Segment Start: MATERIAL FOR THIS TASK
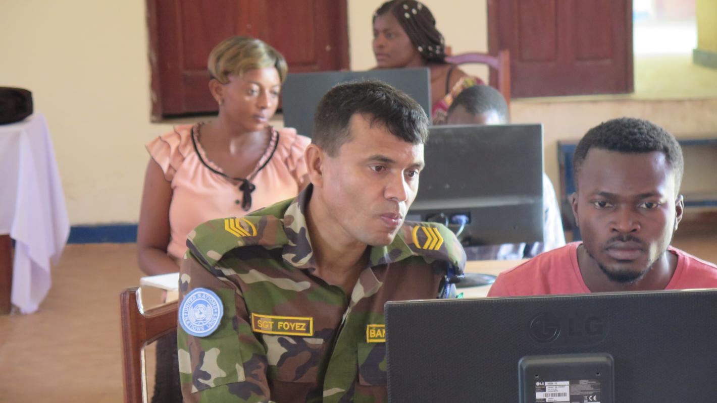 Bunia, le 21 mai 2018 - Dans la province de l’Ituri, les jeunes de 12 quartiers de la ville de Bunia sont en train d’être formés en Techniques de l’informatique par les casques bleus de la MONUSCO. Chaque session de formation dure un mois, à l’issue de laquelle, les lauréats reçoivent des certificats.
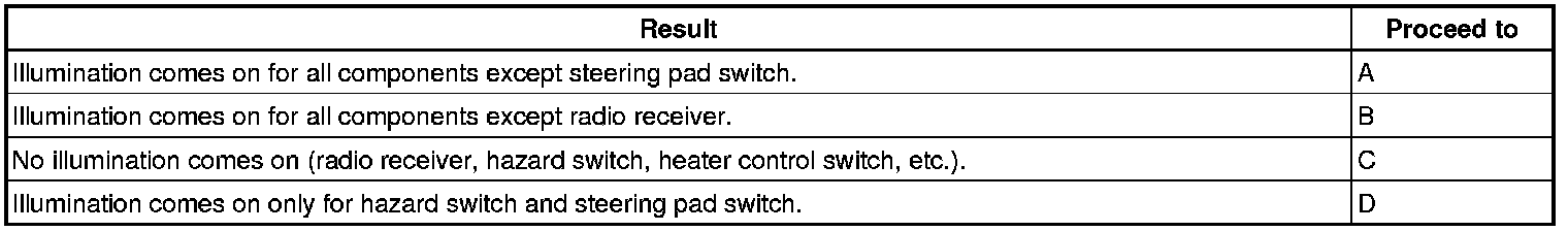 (a) Check if the illumination for the radio receiver, steering pad switch, heater control switch or others (hazard switch, transmission control switch, etc.) comes on when the light control switch is turned to the HEAD or TAIL position.
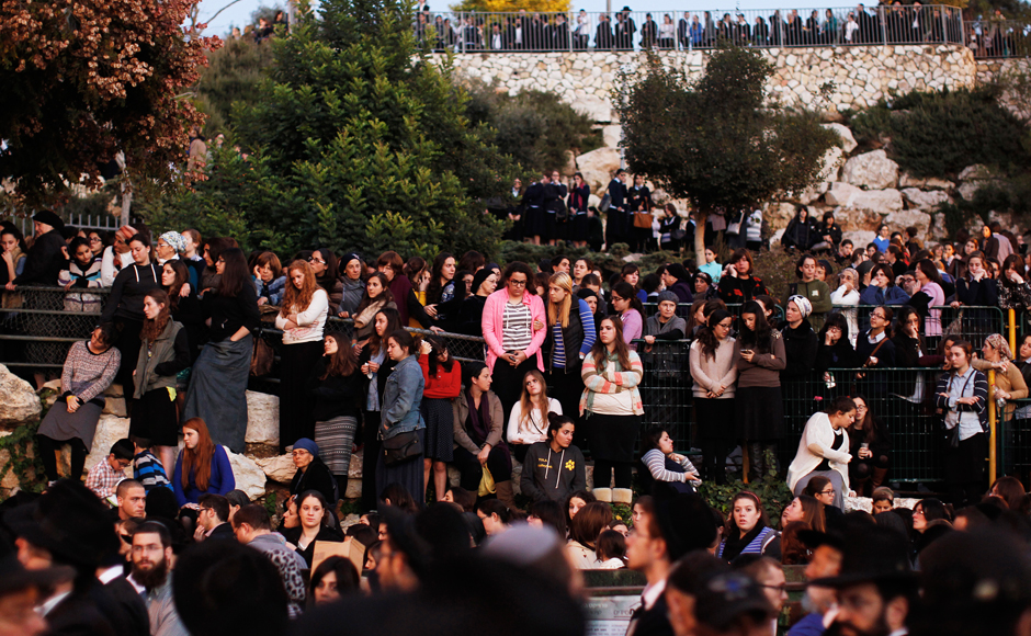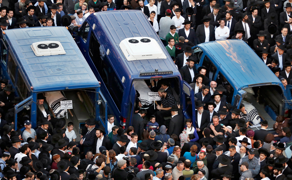 Israelis attend the funeral of Aryeh Kopinsky, Calman Levine and Avraham Shmuel Goldberg in Jerusalem. The three were killed in the attack which has left Jerusalem shaken up as Prime Minister Benjamin Netanyahu vowed a harsh response. Reuters
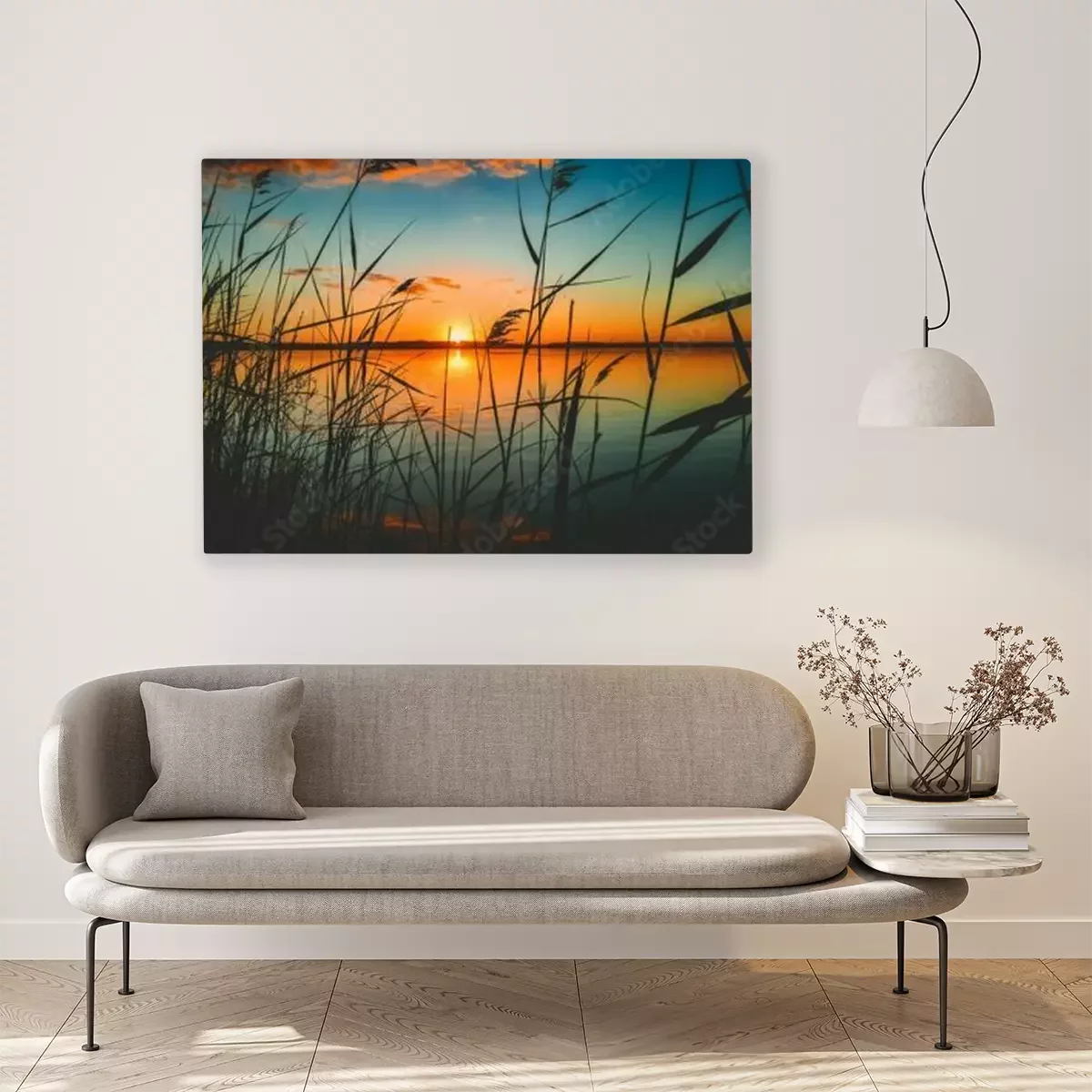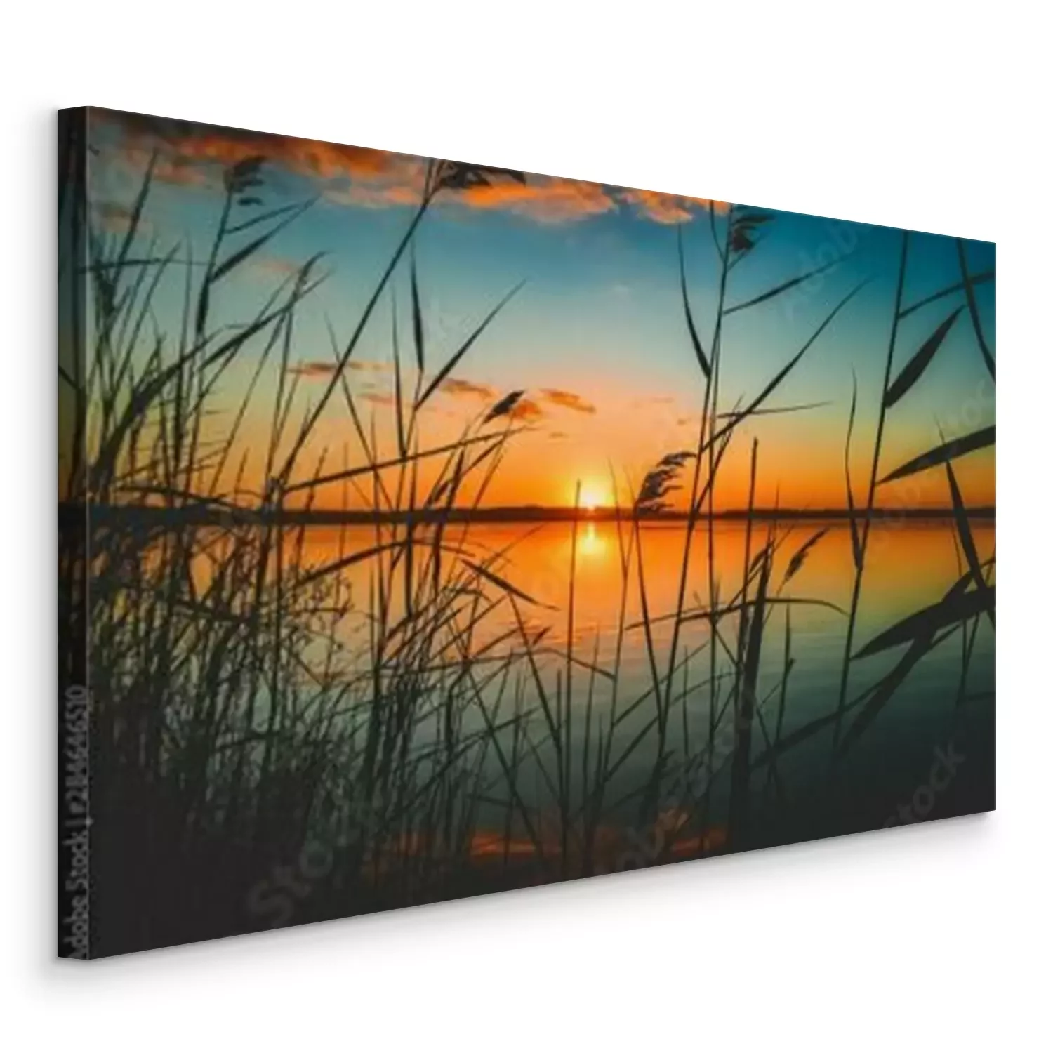 Tableau  Beautiful scenic view of the red sunset over a lake
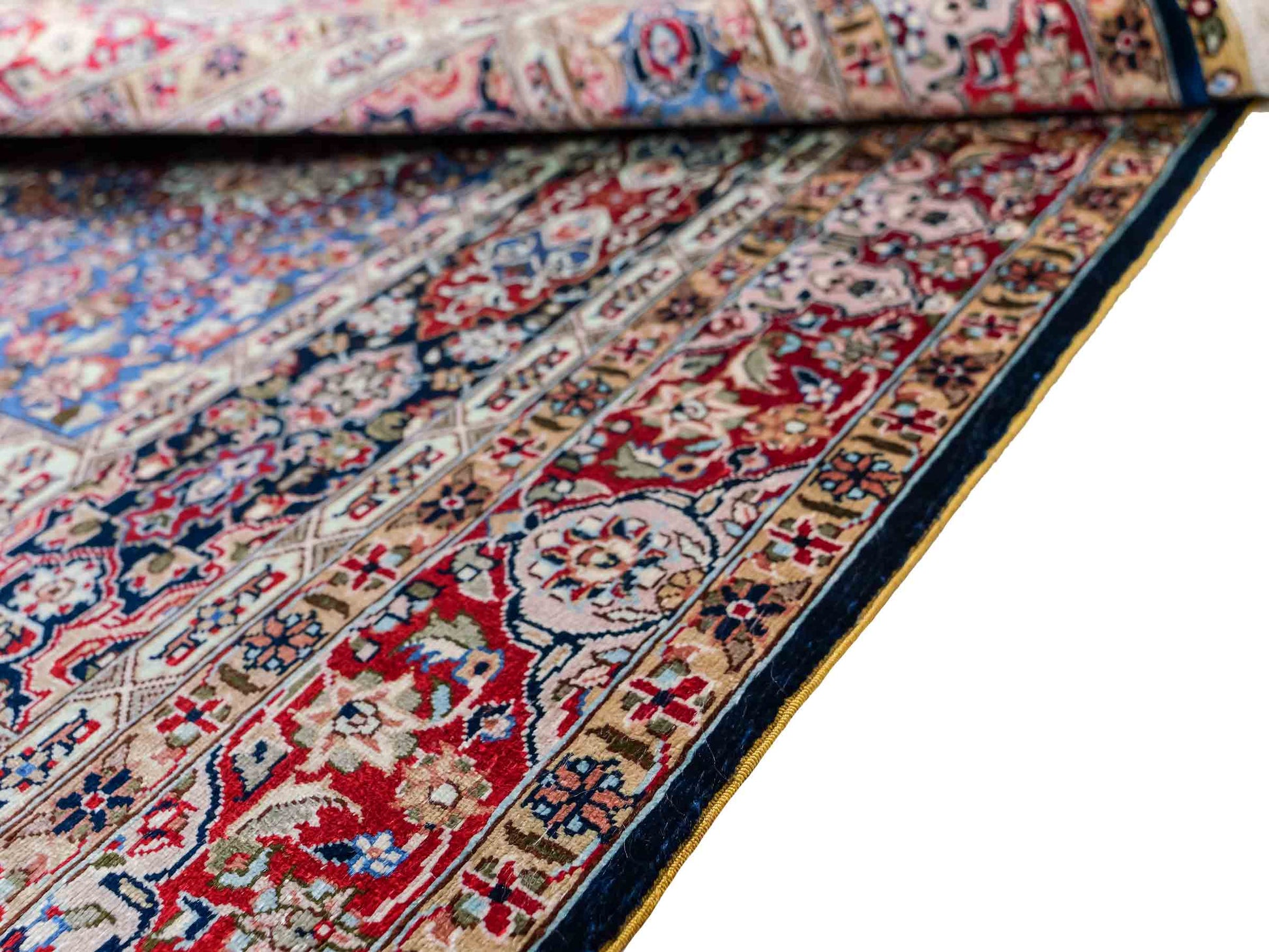 The pile and warp are made of pure silk, which not only grants the rug incredible worth, an unparalleled tactile experience, and breathtaking beauty but also imparts a uniquely shimmering appearance under different angles and lighting conditions.
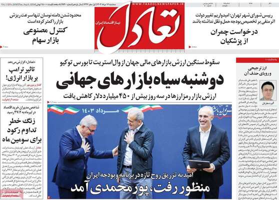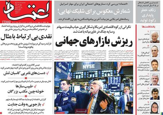 صفحه نخست روزنامههای سهشنبه ۱۶ مرداد ۱۴۰۳
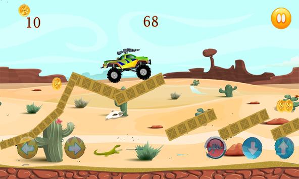 Simple controls to drive the monster trucks along the course and shoot the obstacles to continue driving your way . the simulator truck never flips ensuring you always gets to the finish line!
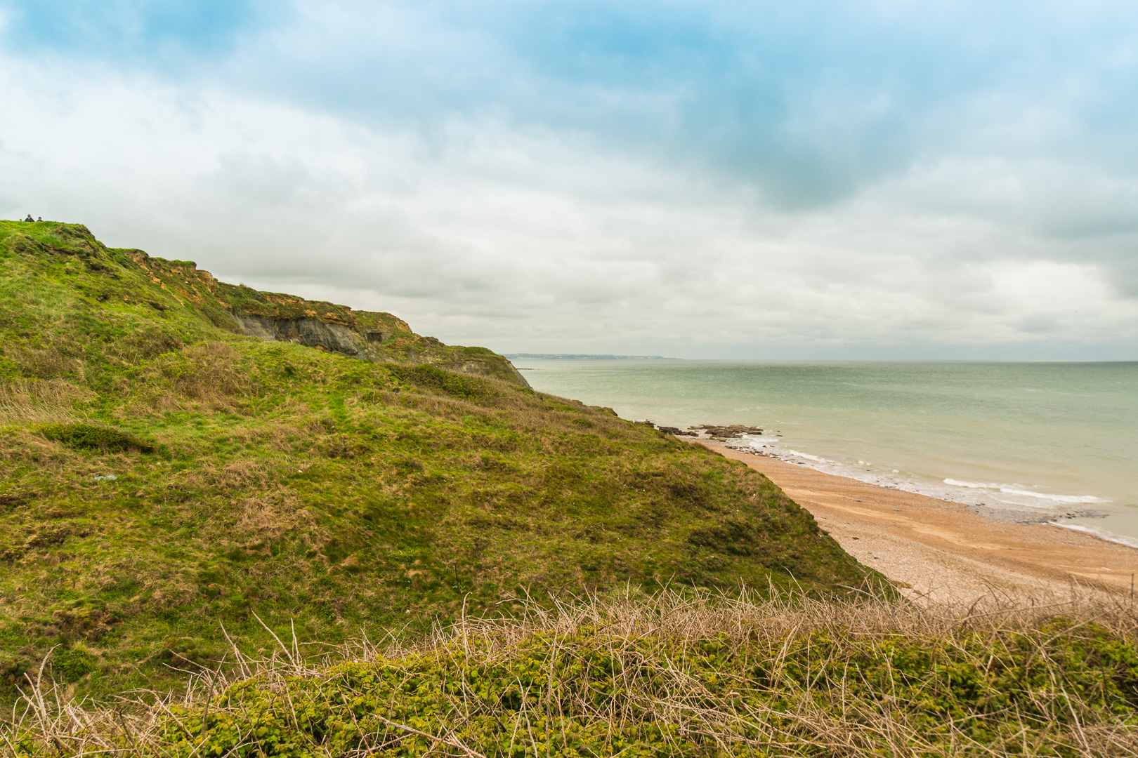 England scheint zum Greifen nah. Während der Anfahrt und zu Beginn der heutigen Wanderung können wir die Kreidefelsen von Dover auf der anderen Seite des Ärmelkanals im Dunst ansatzweise erkennen. Im Laufe des Vormittags verschlechtert sich leider die Sicht.
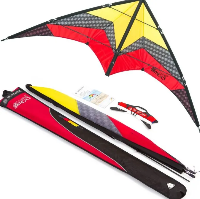 - Material: Segel aus rot-gelbem Ripstop-Polyester, Stäbe aus Fiberglas
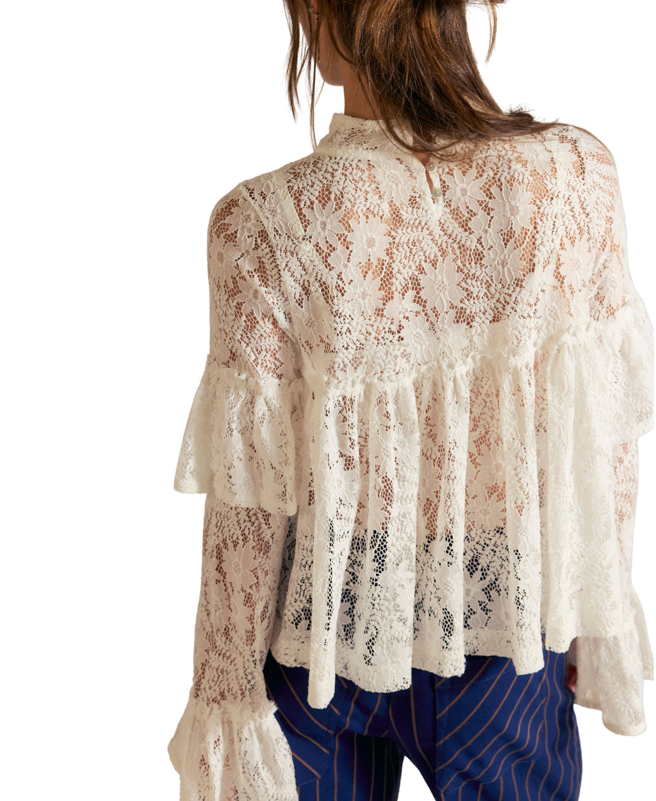 This lace blouse brings romantic elegance to everyday dressing.
Segment End: MATERIAL FOR THIS TASK
▶ **PROBLEM TO SOLVE**
A word-for-word reproduction is needed of the lines above from the line containing "The pile and" through the line containing "صفحه نخست روزنامههای سهشنبه ۱۶ مرداد ۱۴۰۳", with both ends kept and no pictures.

▶ **ANSWER SECTION**
 The pile and warp are made of pure silk, which not only grants the rug incredible worth, an unparalleled tactile experience, and breathtaking beauty but also imparts a uniquely shimmering appearance under different angles and lighting conditions.
 صفحه نخست روزنامههای سهشنبه ۱۶ مرداد ۱۴۰۳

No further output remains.